U.S. Drought Conditions as of August 7, 2012 |
We’ve been hearing from environmentalists and climatologists that we have to do something now about carbon emissions, if we want to prevent the worst effects of global warming from occurring. Recent events around the United States, however, indicate that we are already seeing some of the extreme predictions about climate change come true:
· This summer has been one of the hottest on
record and is part of a larger warming trend happening all around the country. It has been reported that the Northern
Hemisphere has just recorded its 327th consecutive month in which
temperatures exceeded 20th century averages.
· This year we had the fourth warmest winter on
record, with record shattering temperatures in March and June 2012.
· The drought that we have been experiencing this
summer is also one of the worst on record. In fact, droughts that were once
a rarity are becoming much more frequent and severe, and probably will become
the norm in the United States in the future.
· This year's crop yields are down by 13 percent and
river flow has been reduced by up to 50% in some places as a result of drought
conditions. The consequences of this will almost certainly be higher prices for
food and stress placed upon our water resources.

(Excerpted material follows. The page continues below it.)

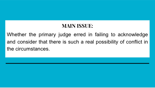 Whether the primary judge erred in failing to acknowledge and consider that there is such a real possibility of conflict in the circumstances.
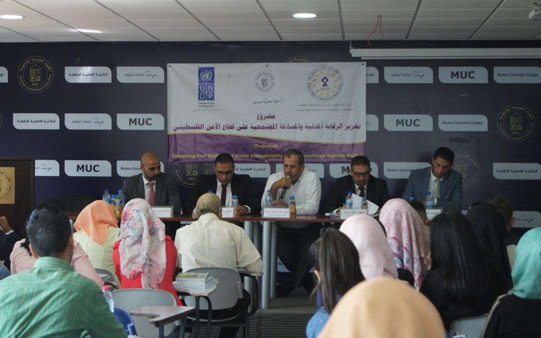 Ramallah: Human Rights and Democracy Media Center “SHAMS” organized a legal seminar on a decree by law of Cybercrime, at Modern University College in Ramallah, attended by law students. Speakers are Mr. Imad Hammad deputy of Public Prosecution, Dr. Ammar Dwaik, director of the Independent Commission for Human Rights, and director of Human Rights Department at Ministry of Justice in addition to Dr. Abdulrahman Rihan and Dr. Mahmoud Alsheikh joining from Modern University College. This seminar is held within the project of “Enhancing civilian oversight and social accountability on the Palestinian security sectors” that is implemented by “SHAMS” center and is funded by UNDP, in partnership with Palestinian Ministry of Justice.

· Wildfires have occurred in Colorado and other
Western states and are also predicted to become more common in the future.
If this isn’t a wake-up call to all of us that we need to
take concrete steps now to move from a
fossil fuel economy to a more renewable one, limit our consumption, and generally
change the way we live and do business in the United States, then, as a
species, we are probably beyond redemption.
I also hope that those individuals, who, through ignorance
or slave-like devotion to conservative ideology, continue to perpetuate the lie
that climate change is an illusion, will experience an intellectual and moral
awakening after what we’ve experienced this summer all around the country.
These are the facts:
(1) Climate change is happening, (2) our selfish human habits are
responsible for it, and (3) the results, if we don’t act collectively, will be
dire for us and for future generations. End of story.
The time for debate and obstruction is over. The time for action is NOW.